Figure 2.: A) Placement of optodes over the belly of the flexor digitorum profundus; (B) fixing the optodes by dark tape; and (C) arm and finger position on the custom-made dynamometer.
Subjects
Sport climbers were chosen, as they are accustomed to the repeated nature of high-intensity contractions. As such, 32 sport climbers (age range 20–44 years) volunteered (15 males: ± SD age 27.7 ± 10.2 years; body mass 71.0 ± 9.3 kg, height 178.3 ± 9.7 cm; 17 females: age 26.3 ± 4.6, body mass 57.7 ± 5.6 kg; 166.4 ± 5.7 cm). Self-reported climbing ability ranged from 11 to 23 on the IRCRA scale which corresponds to intermediate to advanced ability level defined by Draper et al. (7 ). The mean climbing experience was 9.3 ± 6.2 years and the volume of climbing training 5.8 ± 2.3 hours per week. Subjects were healthy nonsmokers who were not taking any vascular acting medications. The study conformed to the recommendations of the local Ethics Committee in accordance with the Declaration of Helsinki. The study was approved by the Review Board of Charles University, Faculty of Physical Education and Sport. All subjects were informed of the experimental risks and signed an informed consent document before data collection.
Procedures
Body mass was measured on an electronic scale (Soehnle 7730; Soehnle Industrial Solutions GmbH, Backnang, Germany) with the subjects wearing underwear only. Height was measured using a stadiometer (SECA; Vogel & Halke GmbH, Hamburg, Germany). Forearm skinfold thickness (under the cw-NIRS optode) was measured using a skinfold calliper (Harpenden; Baty, West Sussex, United Kingdom). Adipose fat was not considered to effect the NIR signal, as skinfold measures were below the limits set by van Beekvelt et al. (25 ) (1.7 ± 0.5 and 2.0 ± 0.5 mm for male and females, respectively).

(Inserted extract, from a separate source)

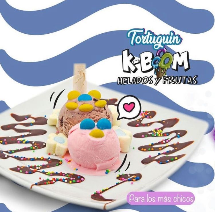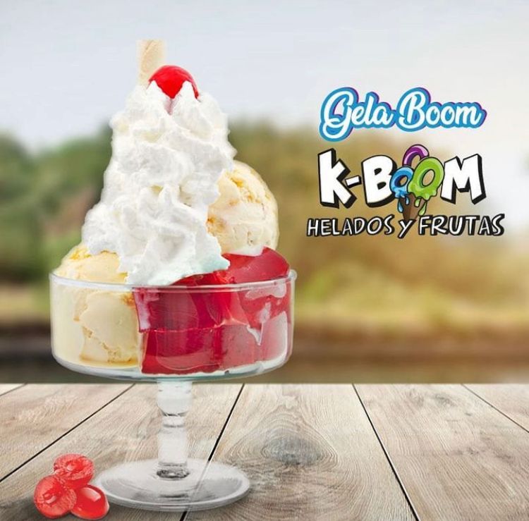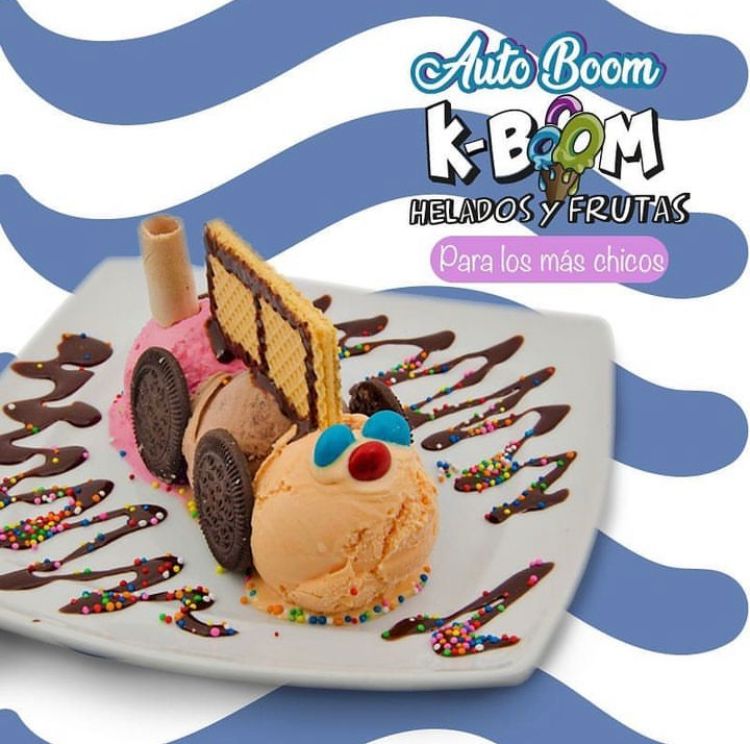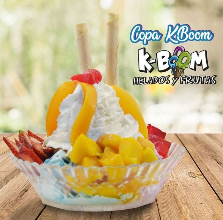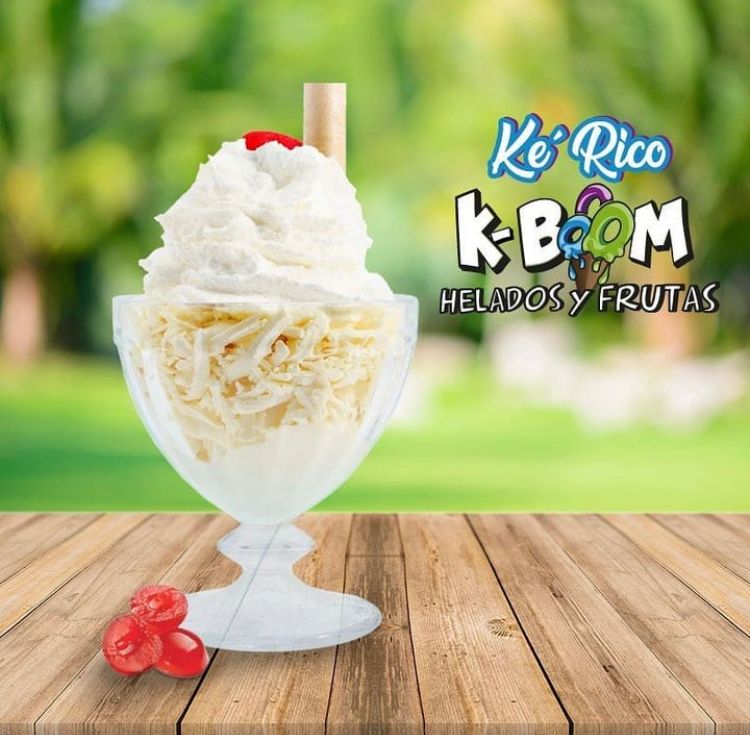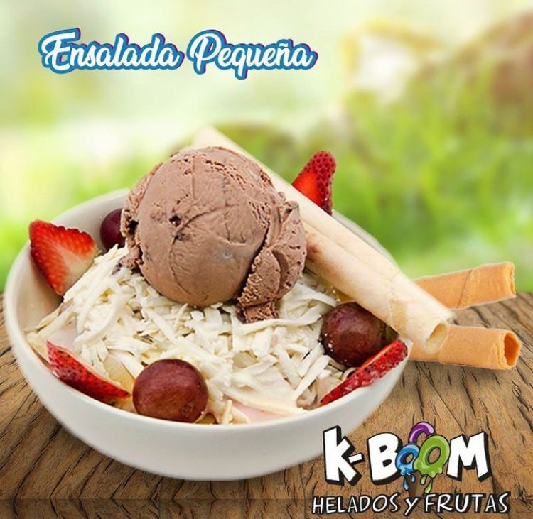 Exquisito dulce de fresa k boom, acompañado de fresco y jugoso kiwi, chantillí y dos sabores de helado, contenido 16 oz.

Finger Strength and Endurance Tests
Each session began with the same warm-up, which consisted of 5-minute stair walking, 5-minute traversing on a climbing wall, and 5-minute individual 1-arm intermittent hanging on a 30- and 23-mm wide rung.
To test for finger flexor strength and endurance, a custom-made dynamometer (3D-SAC; Spacelab, Sofia, Bulgaria) (Figure 2 ) was used. The dynamometer enabled the subjects to control the intensity and duration of each contraction. Furthermore, the device provided real-time feedback using both visual and acoustic signals. The dynamometer was calibrated for a wooden hold 23-mm deep which maximized activation of the flexor digitorum profundus (FDP) (23 ).
During the first visit, MVC of the dominant finger flexors was completed twice (separated by 2 minutes). On presentation of an acoustic signal, subjects were asked to progressively pull on the rock climbing hold as hard as possible for 5 seconds. Subjects were verbally encouraged to achieve maximal effort throughout. The highest value from the 2 trials was used to determine their relative workloads (60% MVC) in the following endurance trials. Maximal voluntary contraction was determined while standing with the shoulder flexed to 180° and the elbow fully extended to simulate sport-specific conditions (2 ), and to prevent blood pooling (25 ).
The intermittent handgrip endurance test was performed in the same anatomical position as the MVC trials. Each contraction was performed at 60% MVC with a ratio of 8-second contraction to 2-second relief. The test started with an acoustic signal, and subjects were provided with visual feedback to ensure that the correct force was applied. If this force dropped by more than 10% for more than 1 second, the test was automatically terminated. An acoustic signal as well as the visual display marked the start and end of each contraction/relief period. Subjects were required to achieve the desired target force as quickly as possible. Only the time in the target zone was used in the analysis.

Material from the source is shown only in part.